The #1 reason great employees quit is because of their managers. That’s why we often hear: “People join companies, but they leave their managers.”

Managers can be “guilty” of many things: sins of omission (not acknowledging outstanding performance, failing to keep a promise, etc.), sins of commission (favoritism, criticizing in public, etc.), and of the sin of accepting mediocrity (“A” players don’t want to work with or cover for minor leaguers).

At a recent seminar, I asked over 300 attendees how many of them had a great boss. Over 75 (about 25 percent) raised their hands.

The cost to pry someone from a magnetic manager

I then asked that group, would you consider leaving that great manager and taking a new job if someone offered you five percent more money? No hands went up. “How about 10 percent more money?” Still no hands. “Fifteen percent more money?” About 20 hands went up. Finally, for a 20 percent increase, almost all of the rest of the hands went up.

Bottom line: It takes a lot of dough to pry great people away from “Magnetic Managers.”

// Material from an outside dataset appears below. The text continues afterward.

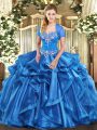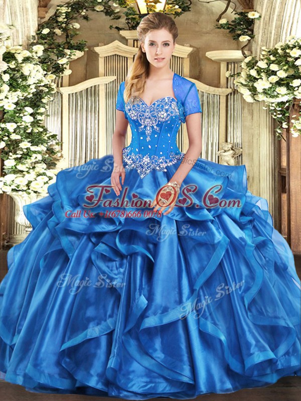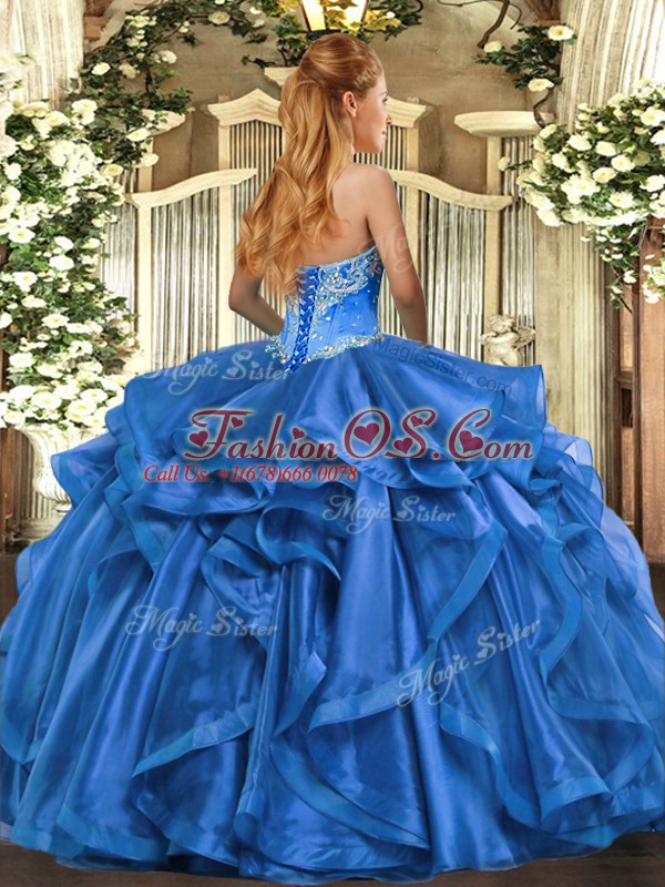 Custom Designed Baby Blue Sweetheart Neckline Beading and Ruffles Quinceanera Gown Sleeveless Lace Up

So, what makes a Magnetic Manager? Research studies, employee surveys, and my field work, agree, the following are The 10 Commandments of Magnetic Managers:

  1. Thou shalt manage people the way they want to be managed, not the way you want to manage them. (Some prefer lots of coaching and collaboration while others do their best work independently with minimal feedback.)
  2. Thou shalt not fail to be generous with recognition. (Acknowledge every job well done.)
  3. Thou shalt communicate. (Keep everyone in the loop and on the same page. No hidden agendas or information withheld.)
  4. Though shalt insist on accountability. (Hold yourself and each of your team members accountable for accomplishing specific goals and tasks.)
  5. Thou shalt fail fast, learn fast, and fix fast. (We learn far more from our failures than our successes. Whether it’s a pet project or a bad hire, cut your losses immediately, figure out what went wrong, how to never repeat it, and fix it. If the fix doesn’t take, repeat the process.)
  6. Thou shalt never settle for mediocrity. (Your best people will always do their utmost to meet your expectations, so make your expectations specific and keep them high. Then don’t negate their efforts by keeping mediocre players on the team.)
  7. Thou shalt teach your people how to manage you. (Do you thrive on constant interruptions and have an open door policy or prefer scheduled meetings?)
  8. Thou shalt not ever shoot the messenger. (If the battle is going badly, the people on the frontlines will know it first. Ask lots of questions and encourage the troops to keep you abreast of both the good and bad news. See #5 above.)
  9. Thou shalt be a mentor. (Your success depends on your team members. Find out their goals and aspirations and do all you can to help them achieve them.)
  10. Thou shalt remember to make work fun. (Friendly competitions, celebrations, traditions, team t-shirts, the joke of the day, a bell to ring when something great happens. Put on your thinking cap. No one leaves the party when they’re having fun.)